Your goal
Repeat only what runs from the line with "Gdańsk, Europejskie Centrum" through the last line of the data below, both included, keeping every word as it is and leaving out the pictures.

Supplied data
________

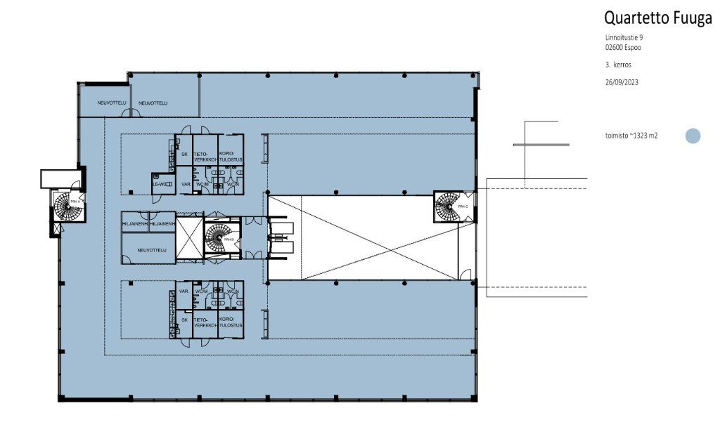 Vuokrataan 1333 m2 toimistotila. Valoisa suurilla ikkunoilla varustettu toimisto on tällä hetkellä avotilana, jossa on avokeittiö, neuvotteluhuone sekä wc-tilat. Lisäksi tilaan on lastauslaituriyhteys. Pohja ja viimeistely toteutetaan tulevan vuokralaisen toiveiden mukaiseksi. Tilasta on näkymät kolmeen suuntaan, toisella puolella dynaamista Leppävaaraa ja toisella kaunis metsäinen maisema.
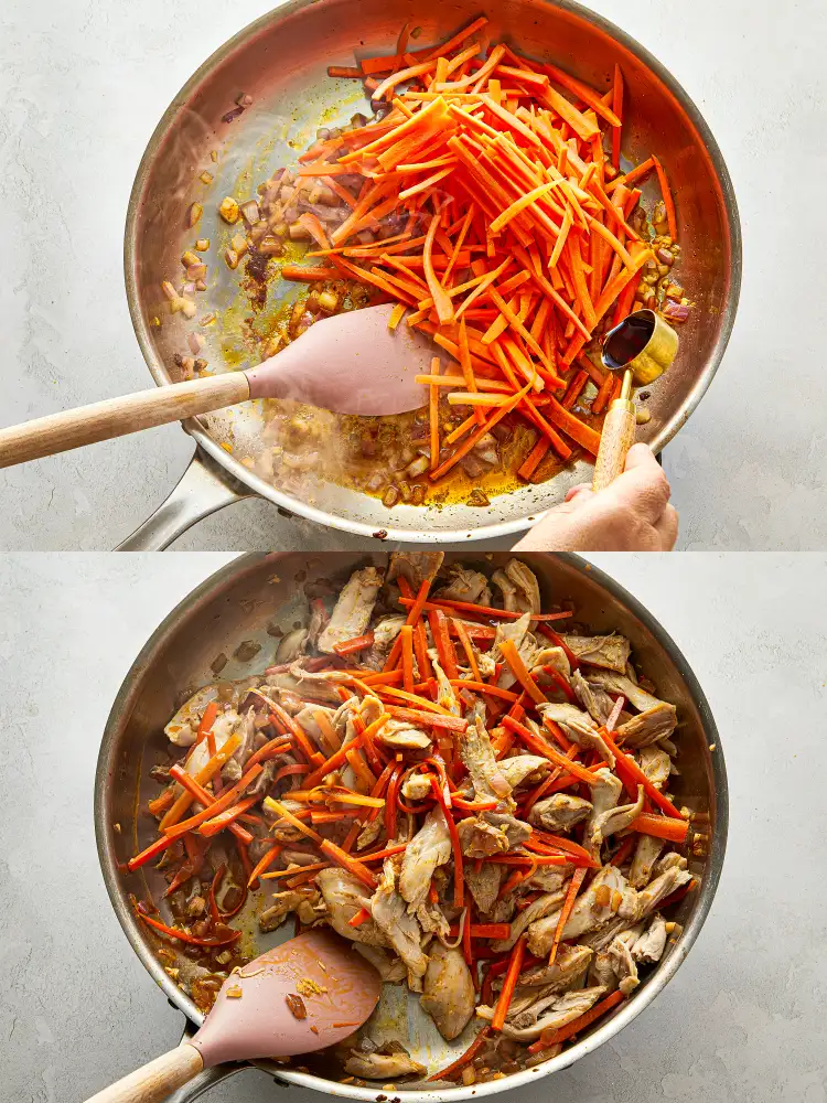 3. هویج و 2 قاشق غذاخوری سس ماهی را افزوده، 3 تا 4 دقیقه بپزید، سپس مرغ ریش‌ریش را اضافه کرده و مخلوط کنید.
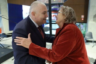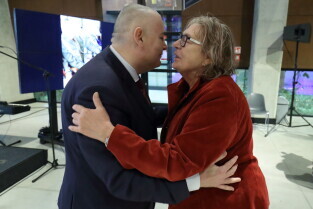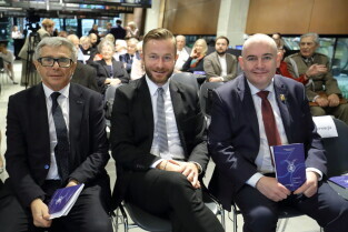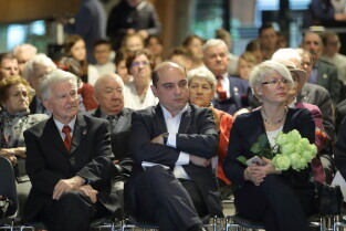 Gdańsk, Europejskie Centrum Solidarności. Uroczystość 30 lecia powstania Związku Byłych Więźniów Politycznych. Nz. Andrzej Kowalczys, Ryszard Świlski i Piotr Kowalczuk.
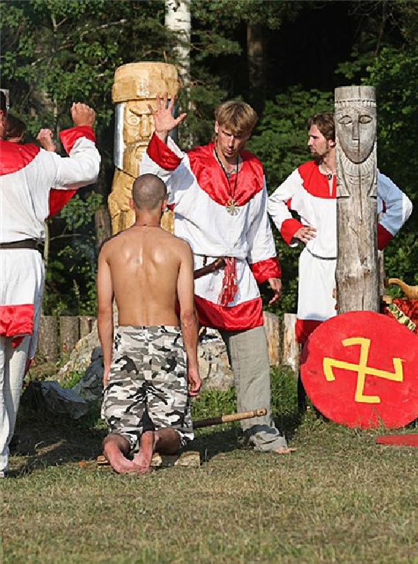 Две другие идентичности – «фэнтезийный языческий рус» и «русский», к сожалению, вступают в конфликт. Во-первых, человек отказывается признавать игру игрой – он настаивает, что он и в самом деле «языческий рус»; во-вторых, всё, что определяет культуру и идентичность реально существующего русского народа, для него является чужим и враждебным. Святыни русского народа для него не только не святыни, но знаки чужого и враждебного присутствия, оккупации злыми пришельцами «исконной» «языческой Руси».

________

Answer below
 Gdańsk, Europejskie Centrum Solidarności. Uroczystość 30 lecia powstania Związku Byłych Więźniów Politycznych. Nz. Andrzej Kowalczys, Ryszard Świlski i Piotr Kowalczuk.
 Две другие идентичности – «фэнтезийный языческий рус» и «русский», к сожалению, вступают в конфликт. Во-первых, человек отказывается признавать игру игрой – он настаивает, что он и в самом деле «языческий рус»; во-вторых, всё, что определяет культуру и идентичность реально существующего русского народа, для него является чужим и враждебным. Святыни русского народа для него не только не святыни, но знаки чужого и враждебного присутствия, оккупации злыми пришельцами «исконной» «языческой Руси».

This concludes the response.